**Goal of the exercise:** Return the entries below word for word. No picture belongs in the copy.
•••
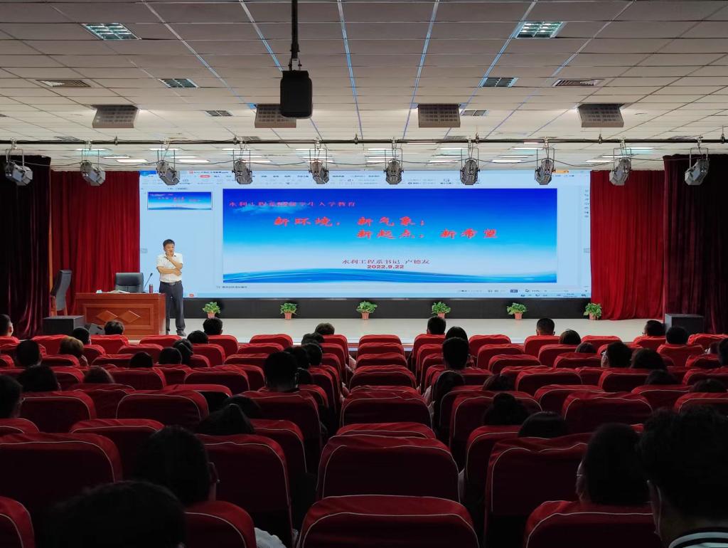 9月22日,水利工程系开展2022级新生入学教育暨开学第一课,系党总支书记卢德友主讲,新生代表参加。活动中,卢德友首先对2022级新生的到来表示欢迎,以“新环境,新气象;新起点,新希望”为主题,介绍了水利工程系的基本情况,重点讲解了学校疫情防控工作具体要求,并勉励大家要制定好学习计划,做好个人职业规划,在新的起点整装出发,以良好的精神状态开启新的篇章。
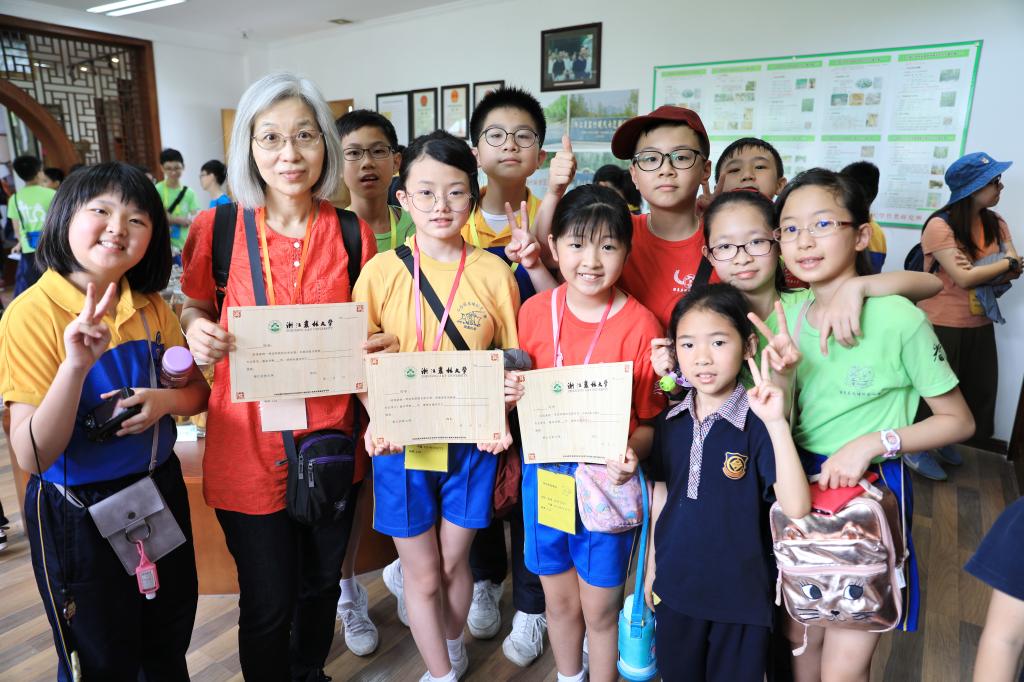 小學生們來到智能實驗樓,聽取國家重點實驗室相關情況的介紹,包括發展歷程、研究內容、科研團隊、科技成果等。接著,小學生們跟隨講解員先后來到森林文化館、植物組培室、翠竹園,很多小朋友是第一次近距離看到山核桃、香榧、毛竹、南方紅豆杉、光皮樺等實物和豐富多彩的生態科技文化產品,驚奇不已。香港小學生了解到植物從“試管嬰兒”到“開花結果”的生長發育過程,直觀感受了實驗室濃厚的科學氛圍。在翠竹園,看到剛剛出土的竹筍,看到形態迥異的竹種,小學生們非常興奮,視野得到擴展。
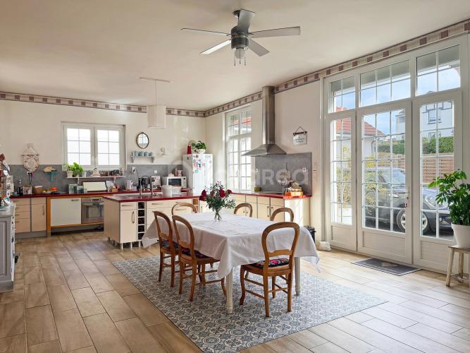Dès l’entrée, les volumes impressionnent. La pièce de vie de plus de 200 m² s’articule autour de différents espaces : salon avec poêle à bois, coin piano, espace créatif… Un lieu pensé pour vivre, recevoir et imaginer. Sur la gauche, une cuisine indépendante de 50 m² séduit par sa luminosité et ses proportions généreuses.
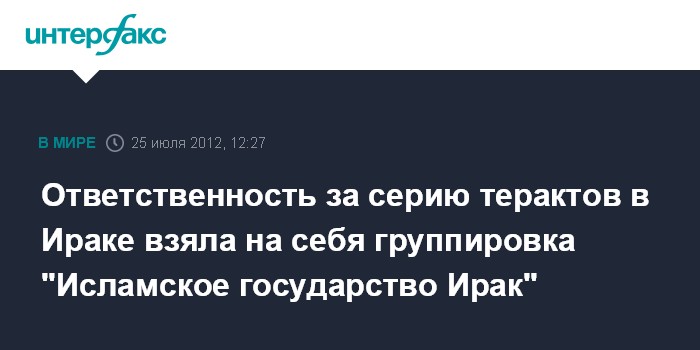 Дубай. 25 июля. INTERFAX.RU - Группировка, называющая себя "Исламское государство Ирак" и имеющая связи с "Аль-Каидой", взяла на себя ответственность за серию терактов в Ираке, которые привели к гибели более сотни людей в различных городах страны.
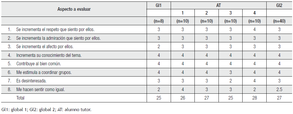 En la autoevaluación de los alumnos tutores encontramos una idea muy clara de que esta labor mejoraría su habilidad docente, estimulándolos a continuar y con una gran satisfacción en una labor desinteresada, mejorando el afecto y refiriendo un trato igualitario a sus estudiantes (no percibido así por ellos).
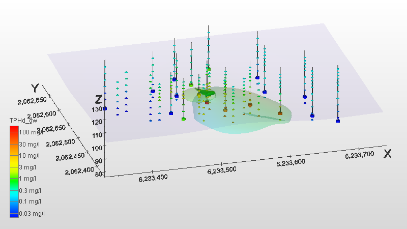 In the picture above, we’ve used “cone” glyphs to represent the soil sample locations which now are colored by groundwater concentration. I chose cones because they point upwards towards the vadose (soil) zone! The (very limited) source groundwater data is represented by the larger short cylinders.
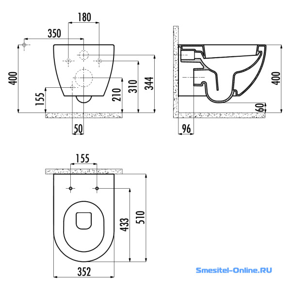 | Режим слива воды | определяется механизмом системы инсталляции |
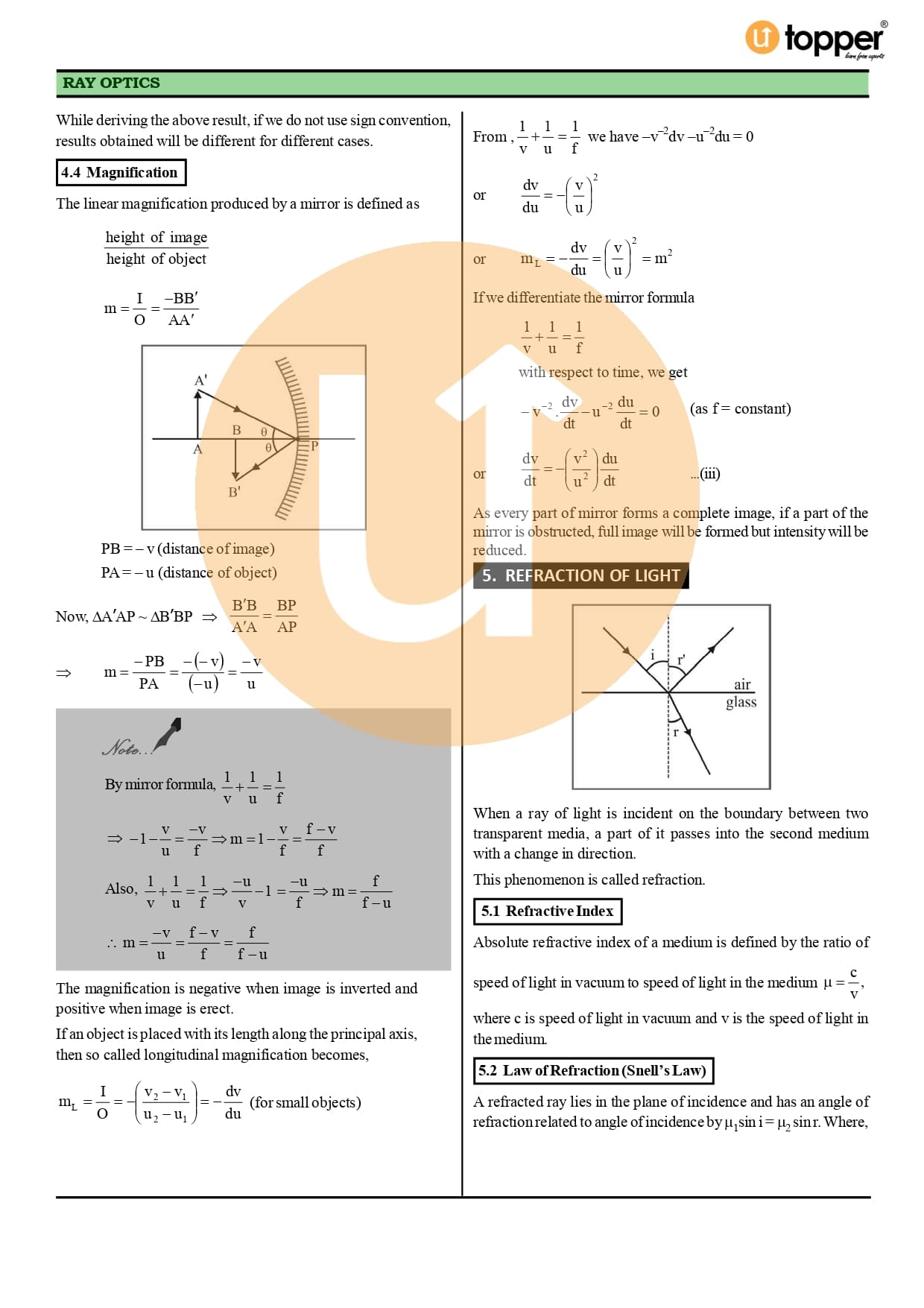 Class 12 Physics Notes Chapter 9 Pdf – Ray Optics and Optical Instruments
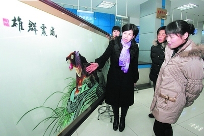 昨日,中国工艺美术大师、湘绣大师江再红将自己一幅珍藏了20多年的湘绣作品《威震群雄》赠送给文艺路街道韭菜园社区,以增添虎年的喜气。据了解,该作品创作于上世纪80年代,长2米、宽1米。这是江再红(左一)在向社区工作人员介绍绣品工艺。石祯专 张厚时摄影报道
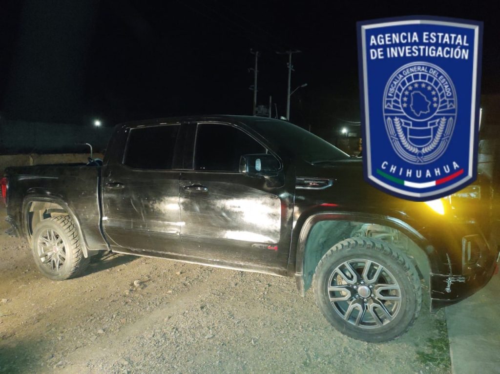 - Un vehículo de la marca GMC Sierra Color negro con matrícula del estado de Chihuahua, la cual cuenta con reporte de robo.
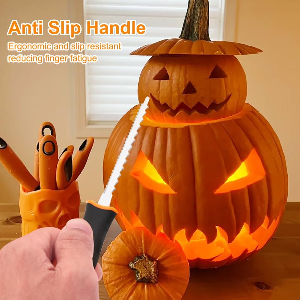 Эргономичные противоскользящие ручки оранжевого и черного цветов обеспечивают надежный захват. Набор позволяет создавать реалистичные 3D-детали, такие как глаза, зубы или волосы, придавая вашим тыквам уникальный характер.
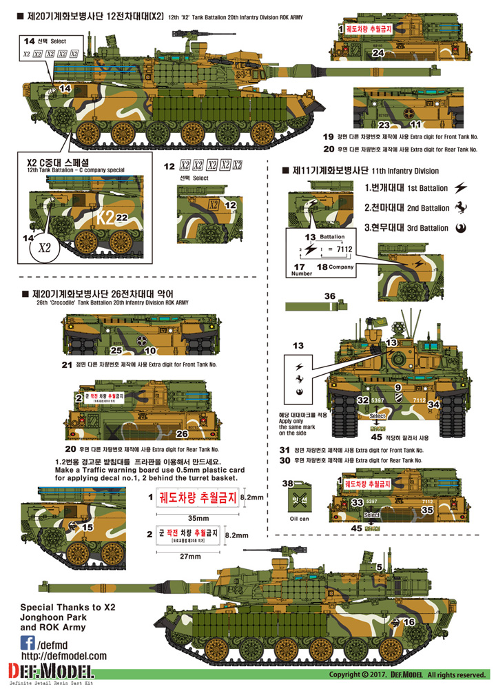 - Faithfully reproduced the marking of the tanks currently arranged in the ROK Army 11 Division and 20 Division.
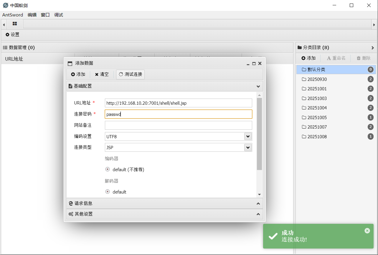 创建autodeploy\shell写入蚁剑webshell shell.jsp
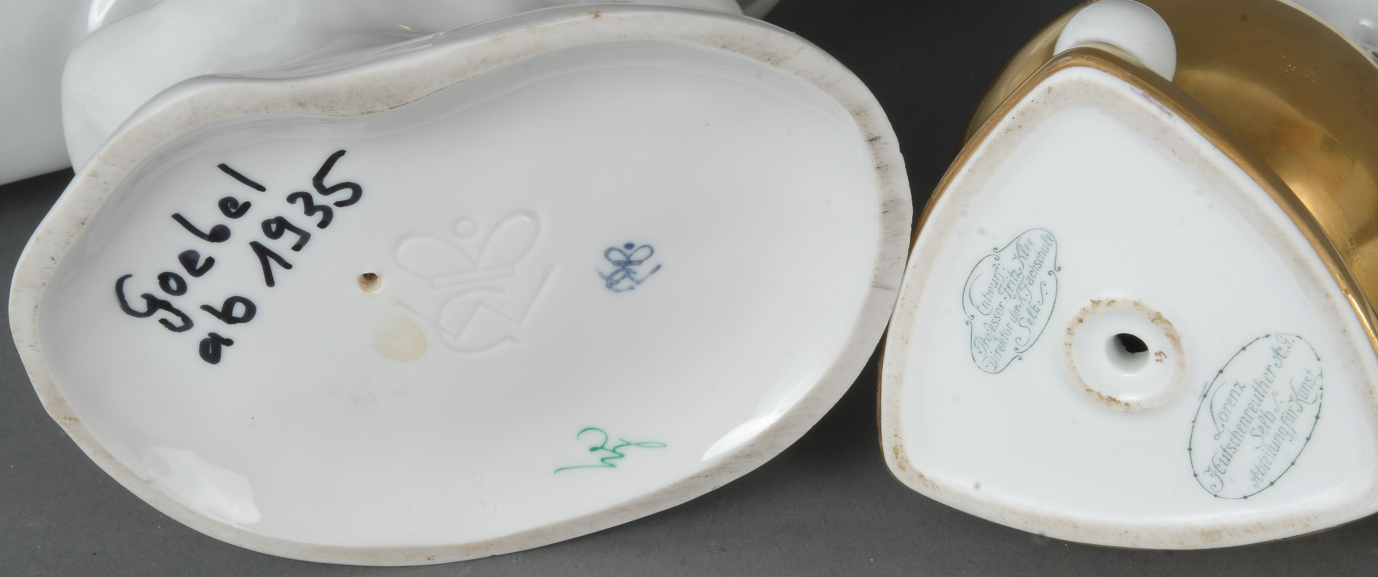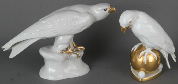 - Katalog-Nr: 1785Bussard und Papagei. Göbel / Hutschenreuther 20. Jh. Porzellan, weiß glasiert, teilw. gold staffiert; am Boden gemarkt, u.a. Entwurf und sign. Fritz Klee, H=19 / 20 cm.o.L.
•••
**Output for this exercise:**
 9月22日,水利工程系开展2022级新生入学教育暨开学第一课,系党总支书记卢德友主讲,新生代表参加。活动中,卢德友首先对2022级新生的到来表示欢迎,以“新环境,新气象;新起点,新希望”为主题,介绍了水利工程系的基本情况,重点讲解了学校疫情防控工作具体要求,并勉励大家要制定好学习计划,做好个人职业规划,在新的起点整装出发,以良好的精神状态开启新的篇章。
 小學生們來到智能實驗樓,聽取國家重點實驗室相關情況的介紹,包括發展歷程、研究內容、科研團隊、科技成果等。接著,小學生們跟隨講解員先后來到森林文化館、植物組培室、翠竹園,很多小朋友是第一次近距離看到山核桃、香榧、毛竹、南方紅豆杉、光皮樺等實物和豐富多彩的生態科技文化產品,驚奇不已。香港小學生了解到植物從“試管嬰兒”到“開花結果”的生長發育過程,直觀感受了實驗室濃厚的科學氛圍。在翠竹園,看到剛剛出土的竹筍,看到形態迥異的竹種,小學生們非常興奮,視野得到擴展。
Dès l’entrée, les volumes impressionnent. La pièce de vie de plus de 200 m² s’articule autour de différents espaces : salon avec poêle à bois, coin piano, espace créatif… Un lieu pensé pour vivre, recevoir et imaginer. Sur la gauche, une cuisine indépendante de 50 m² séduit par sa luminosité et ses proportions généreuses.
 Дубай. 25 июля. INTERFAX.RU - Группировка, называющая себя "Исламское государство Ирак" и имеющая связи с "Аль-Каидой", взяла на себя ответственность за серию терактов в Ираке, которые привели к гибели более сотни людей в различных городах страны.
 En la autoevaluación de los alumnos tutores encontramos una idea muy clara de que esta labor mejoraría su habilidad docente, estimulándolos a continuar y con una gran satisfacción en una labor desinteresada, mejorando el afecto y refiriendo un trato igualitario a sus estudiantes (no percibido así por ellos).
 In the picture above, we’ve used “cone” glyphs to represent the soil sample locations which now are colored by groundwater concentration. I chose cones because they point upwards towards the vadose (soil) zone! The (very limited) source groundwater data is represented by the larger short cylinders.
 | Режим слива воды | определяется механизмом системы инсталляции |
 Class 12 Physics Notes Chapter 9 Pdf – Ray Optics and Optical Instruments
 昨日,中国工艺美术大师、湘绣大师江再红将自己一幅珍藏了20多年的湘绣作品《威震群雄》赠送给文艺路街道韭菜园社区,以增添虎年的喜气。据了解,该作品创作于上世纪80年代,长2米、宽1米。这是江再红(左一)在向社区工作人员介绍绣品工艺。石祯专 张厚时摄影报道
 - Un vehículo de la marca GMC Sierra Color negro con matrícula del estado de Chihuahua, la cual cuenta con reporte de robo.
 Эргономичные противоскользящие ручки оранжевого и черного цветов обеспечивают надежный захват. Набор позволяет создавать реалистичные 3D-детали, такие как глаза, зубы или волосы, придавая вашим тыквам уникальный характер.
 - Faithfully reproduced the marking of the tanks currently arranged in the ROK Army 11 Division and 20 Division.
 创建autodeploy\shell写入蚁剑webshell shell.jsp
 - Katalog-Nr: 1785Bussard und Papagei. Göbel / Hutschenreuther 20. Jh. Porzellan, weiß glasiert, teilw. gold staffiert; am Boden gemarkt, u.a. Entwurf und sign. Fritz Klee, H=19 / 20 cm.o.L.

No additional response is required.